The frequency characteristic of the Fourier amplitude of the double impulse is found in an explicit manner and a critical excitation problem is formulated with an interval of two impulses as a variable. The solution to that critical excitation problem is then derived. An upper bound and a narrower upper bound of the earthquake input energy are derived by taking full advantage of the property of the energy transfer function that the area of the energy transfer function is constant. The narrower upper bound enables the evaluation of the upper bound of the earthquake input energy without infinite integration. Only a linear elastic response of an SDOF model is considered here for the introduction of the frequency-domain approach.

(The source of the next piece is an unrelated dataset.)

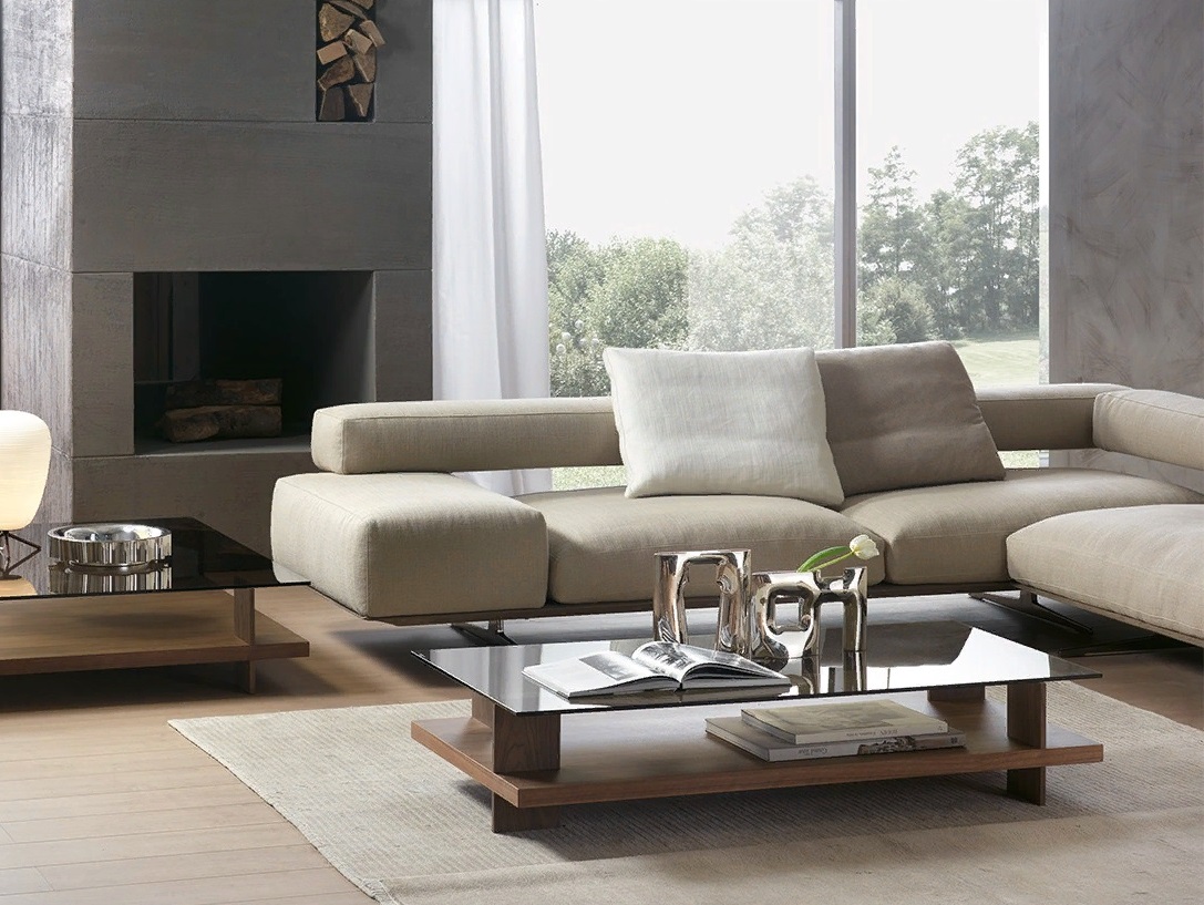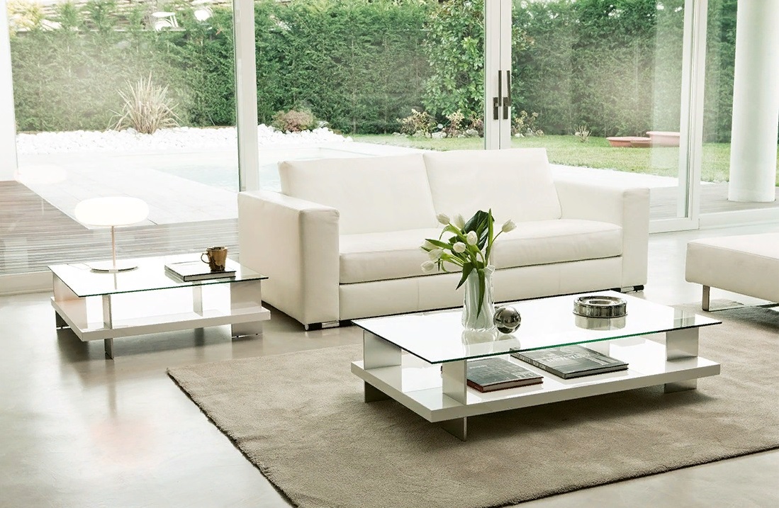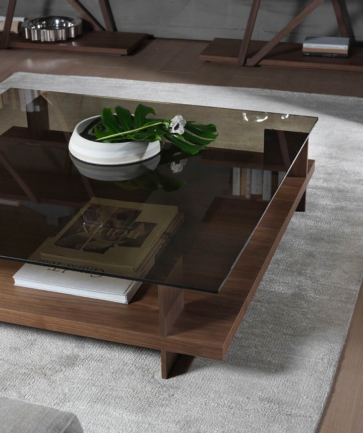 Tavolino rettangolare con ripiano, piano in vetro. Sono possibili diverse finiture.

Earthquake Input Energy in Frequency Domain

Consider a damped linear SDOF system of mass m, stiffness k, and damping coefficient c as shown in Figure 1. Let $\mathrm{\Omega }=\sqrt{k∕m}$, h = c/(2 Ωm), and x denote the undamped natural circular frequency, the damping ratio, and the displacement of the mass relative to the ground, respectively. The time derivative is denoted by an over-dot. The input energy to this SDOF system by a unidirectional ground acceleration ${\ddot{u}}_{\text{g}}\left(t\right)$ from t = 0 to t = t₀ (end of input) can be defined by the work made by the ground on the structural system and is expressed by

$E_{\text{I}}={\int }_0^{{\text{t}}_{\text{0}}}m\left({\ddot{u}}_{\text{g}}+\ddot{x}\right){\dot{u}}_{\text{g}}\text{d}t$ (1)

FIGURE 1

Figure 1. SDOF model subjected to earthquake ground motion.

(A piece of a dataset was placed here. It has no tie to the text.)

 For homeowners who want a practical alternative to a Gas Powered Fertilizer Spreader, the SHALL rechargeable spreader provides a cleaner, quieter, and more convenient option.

The term $m\left({\ddot{u}}_{\text{g}}+\ddot{x}\right)$ indicates the inertial force with minus sign and is equal to the sum of the restoring force kx of the spring and the damping force cẋ of the dashpot in the system. Integration by parts of Eq. (1) provides

$\begin{array}{ccc}\hfill E_{\text{I}}& ={\int }_0^{{\text{t}}_{\text{0}}}m\left(\ddot{x}+{\ddot{u}}_{\text{g}}\right){\dot{u}}_{\text{g}}\text{d}t={\int }_0^{{\text{t}}_{\text{0}}}m\ddot{x}{\dot{u}}_{\text{g}}\text{d}t+{\left[\left(1∕2\right)m{\dot{u}}_{\text{g}}^2\right]}_0^{{\text{t}}_{\text{0}}}\hfill & \hfill \\ \hfill & ={\left[m\dot{x}{\dot{u}}_{\text{g}}\right]}_0^{{\text{t}}_{\text{0}}}-{\int }_0^{{\text{t}}_{\text{0}}}m\dot{x}{\ddot{u}}_{\text{g}}\text{d}t+{\left[\left(1∕2\right)m{\dot{u}}_{\text{g}}^2\right]}_0^{{\text{t}}_{\text{0}}}\hfill \end{array}$ (2)

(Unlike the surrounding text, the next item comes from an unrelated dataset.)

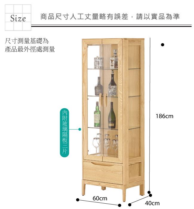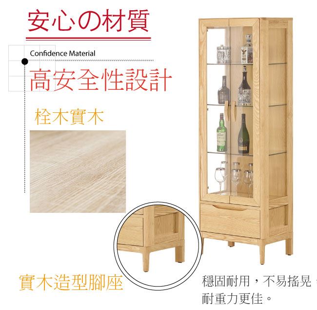 材質 | ◆產品名稱: 【綠家居】波丹蒂 實木2尺二門單抽展示櫃/收納櫃 產品尺寸: 尺寸:(寬)60x(深)40x(高)186公分 ◆材質: 材質:栓木實木+防潮實木腳座 材質:五金滑軌結構+8mm強化玻璃 +強化玻璃門片 塗漆:優利坦全包式耐磨噴漆處理

If the initial and terminal conditions are expressed by $\dot{x}=0$ at t = 0 and ${\dot{u}}_{\text{g}}=0$ at t = 0 and t = t₀, the input energy can be reduced to the following form:

$E_{\text{I}}=-{\int }_0^{{\text{t}}_{\text{0}}}m{\ddot{u}}_{\text{g}}\dot{x}\text{d}t$ (3)

It is known (Page, 1952; Lyon, 1975; Ordaz et al., 2003; Takewaki, 2004a,b, 2005a,b; Takewaki and Fujita, 2009; Kojima et al., 2015) that the input energy per unit mass can also be expressed in the frequency domain by use of Fourier and inverse Fourier transformations.

$\begin{array}{ccc}\hfill E_I∕m& =-{\int }_{-\infty }^{\infty }\dot{x}{\ddot{u}}_g\text{d}t=-{\int }_{-\infty }^{\infty }\left[\left(1∕\mathrm{2\pi }\right){\int }_{-\infty }^{\infty }\dot{X}{e}^{\text{i}\omega t}\text{d}\omega \right]{\ddot{u}}_g\text{d}t\hfill & \hfill \\ \hfill & =-\left(1∕\mathrm{2\pi }\right){\int }_{-\infty }^{\infty }{\mathit{Ü}}_g\left(-\omega \right)\left\{H_V\left(\omega ;\mathrm{\Omega },h\right){\mathit{Ü}}_g\left(\omega \right)\right\}\text{d}\omega \hfill \\ \hfill & ={\int }_0^{\infty }{\left|{\mathit{Ü}}_g\left(\omega \right)\right|}^{\text{2}}\left\{-\text{Re\hspace{0.17em}}\left[H_V\left(\omega ;\mathrm{\Omega },h\right)\right]∕\mathrm{\pi }\right\}\text{d}\omega \hfill \\ \hfill & \equiv {\int }_0^{\infty }{\left|{\mathit{Ü}}_g\left(\omega \right)\right|}^{\text{2}}F\left(\omega \right)\text{d}\omega \hfill \\ \hfill \end{array}$ (4)

where H_V(ω; Ω, h) is the velocity transfer function defined by $\dot{X}\left(\omega \right)=H_{\text{V}}\left(\omega ;\mathrm{\Omega },h\right){\mathit{Ü}}_{\text{g}}\left(\omega \right)$ and F(ω) = − Re[H_V(ω; Ω, h)]/π. $\dot{X}$ and ${\mathit{Ü}}_{\text{g}}\left(\omega \right)$ are the Fourier transforms of $\dot{x}$ and ${\ddot{u}}_{\text{g}}\left(t\right)$, respectively. The function F(ω) is called the “energy transfer function” from the expression of Eq. (4). The symbol i denotes the imaginary unit. The velocity transfer function H_V(ω; Ω, h) can be expressed explicitly by

$H_{\text{V}}\left(\omega ;\mathrm{\Omega },h\right)=-\text{i}\omega ∕\left({\mathrm{\Omega }}^2-{\omega }^2+2\text{i}h\mathrm{\Omega }\omega \right)$ (5)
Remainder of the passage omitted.